> _Work item_: Wherever the string "bude" appears in the listing, copy that line.

..............................

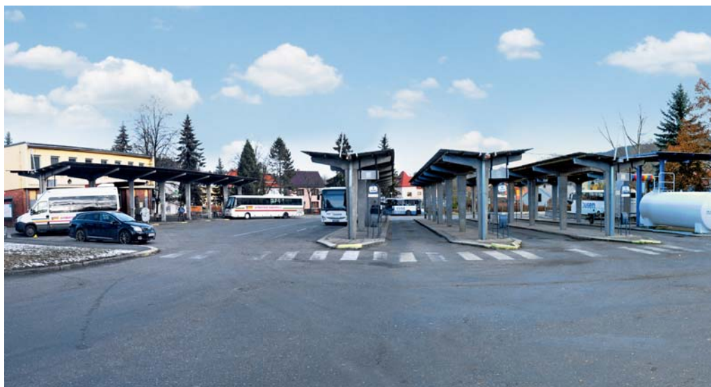
Zachováno bude současné šikmé stání u budovy a první průjezdné nástupiště od ní. Obě budou zvětšena pro 12 odjezdových míst. Ostatní nástupiště směrem k čerpací stanici se zruší.

Systém vjezdu a výjezdu se nezmění. Vjezd z Nádražní ulice bude zachován a nebude rozšířen o výjezd, který zůstane i nadále směřován do Nebahovské ulice.
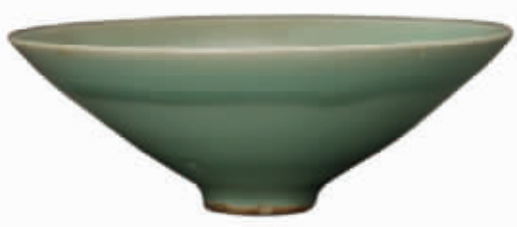
南宋龙泉窑青釉斜直腹斗笠瓷碗
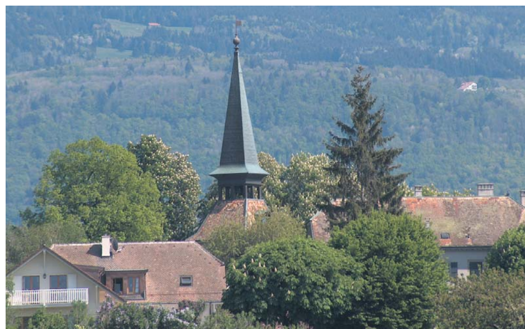
Vue de Jussy.

Le mandement de Jussy, territoire attesté comme appartenant à l'évêque de Genève dès 1227, ne comprenait au
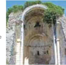
Orgon, Chapelle St-Véran

Ses volumes et son appareillage sont caractéristiques de la Provence romane : une nef unique, avec une voûte en berceau, une abside en cul-de-four, et des moellons ornés de rinceaux à motifs végétaux et géométriques de chaque côté de l'abside.
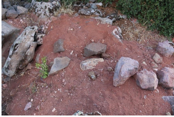
Görsel 10: Büyükikiz Kalesi demir külçelerin tespit edildiği kaçak kazı alanı (İ. Üngör, 2021)

Aşırı korozyona uğramış olan bu külçelerden aldığımız parça analiz ettirilmiş ve demir olduğu anlaşılmıştır. Kale üzerinde hemen her yerin kaçak kazıcılar tarafından kazıldığı, parçalandığı ve birçok eserin götürüldüğü anlaşılmaktadır.
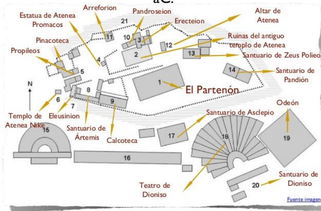
Fig. 2. Mapa de la Acrópolis de Atenas del V. a.C.

https://es.slideshare.net/vplaarmengot/espacios-atenas-clasica-c , fig. nº 15.
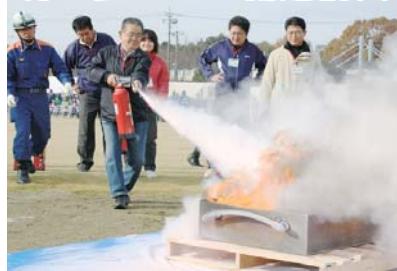
消火器を使った消火訓練 使用経験があることで安心です
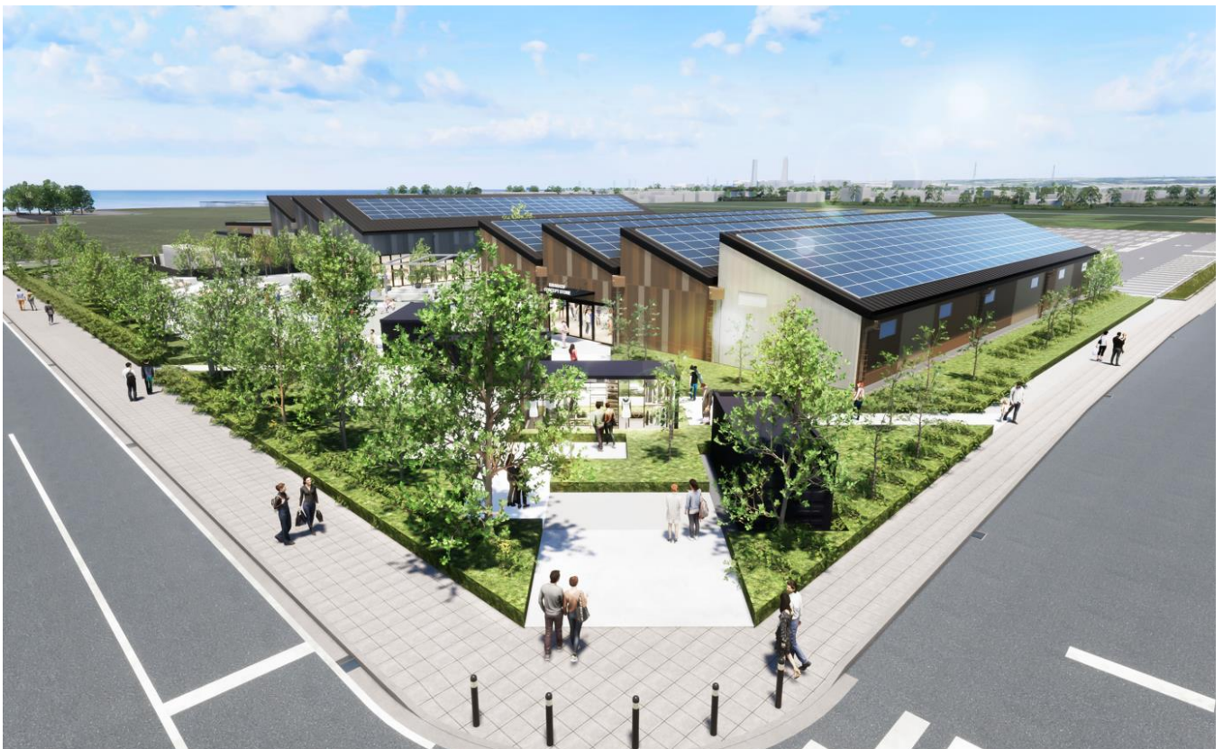
「KISARAZU CONCEPT STORE」 外観 イメージ

..............................

> _Task solution_:
Zachováno bude současné šikmé stání u budovy a první průjezdné nástupiště od ní. Obě budou zvětšena pro 12 odjezdových míst. Ostatní nástupiště směrem k čerpací stanici se zruší.
Systém vjezdu a výjezdu se nezmění. Vjezd z Nádražní ulice bude zachován a nebude rozšířen o výjezd, který zůstane i nadále směřován do Nebahovské ulice.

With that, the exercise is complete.